- _Problem requirements_: Among the entries below, only the lines from the one with "De lavendelstruiken, netjes" through the one with "Het perceel waarop" are wanted, reproduced exactly. Pictures are not wanted.
**** Records to use
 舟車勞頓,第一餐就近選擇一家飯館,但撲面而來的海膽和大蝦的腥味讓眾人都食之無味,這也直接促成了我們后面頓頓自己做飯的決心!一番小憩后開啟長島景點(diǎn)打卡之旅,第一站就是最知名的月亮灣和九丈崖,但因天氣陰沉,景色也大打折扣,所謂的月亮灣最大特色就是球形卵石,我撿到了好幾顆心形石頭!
********
**** Records to use
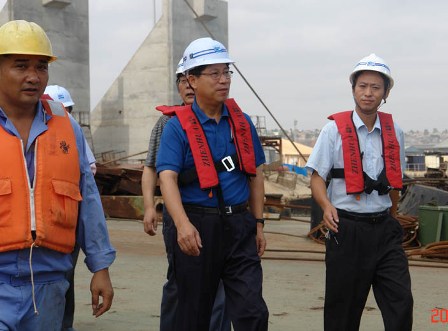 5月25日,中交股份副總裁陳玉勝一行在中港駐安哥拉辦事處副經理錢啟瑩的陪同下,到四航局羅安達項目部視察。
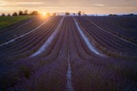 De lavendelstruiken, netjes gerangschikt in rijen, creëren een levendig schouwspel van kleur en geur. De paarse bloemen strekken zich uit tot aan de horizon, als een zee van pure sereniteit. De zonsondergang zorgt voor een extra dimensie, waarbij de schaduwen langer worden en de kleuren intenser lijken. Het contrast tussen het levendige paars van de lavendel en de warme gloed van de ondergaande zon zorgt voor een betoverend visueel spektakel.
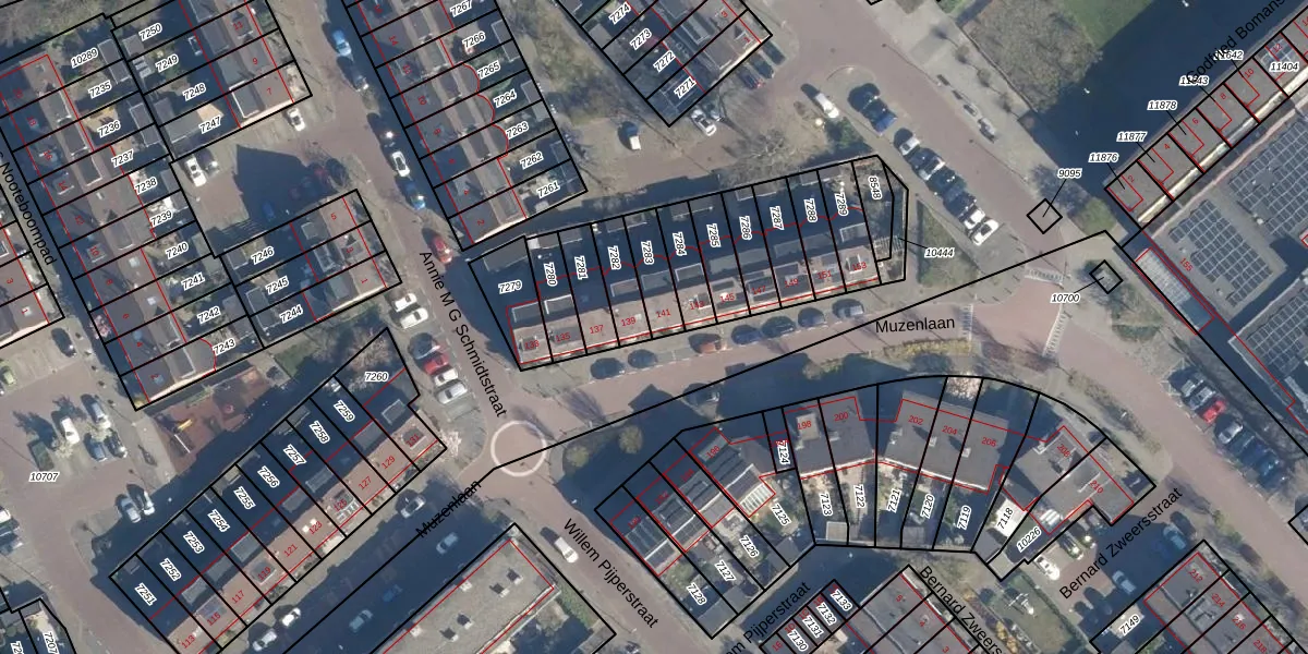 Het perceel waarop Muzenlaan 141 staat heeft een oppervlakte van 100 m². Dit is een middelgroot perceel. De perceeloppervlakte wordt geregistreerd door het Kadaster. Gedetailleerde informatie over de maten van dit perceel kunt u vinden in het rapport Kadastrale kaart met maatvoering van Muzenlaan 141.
********
- _Solution for this problem_:
 De lavendelstruiken, netjes gerangschikt in rijen, creëren een levendig schouwspel van kleur en geur. De paarse bloemen strekken zich uit tot aan de horizon, als een zee van pure sereniteit. De zonsondergang zorgt voor een extra dimensie, waarbij de schaduwen langer worden en de kleuren intenser lijken. Het contrast tussen het levendige paars van de lavendel en de warme gloed van de ondergaande zon zorgt voor een betoverend visueel spektakel.
 Het perceel waarop Muzenlaan 141 staat heeft een oppervlakte van 100 m². Dit is een middelgroot perceel. De perceeloppervlakte wordt geregistreerd door het Kadaster. Gedetailleerde informatie over de maten van dit perceel kunt u vinden in het rapport Kadastrale kaart met maatvoering van Muzenlaan 141.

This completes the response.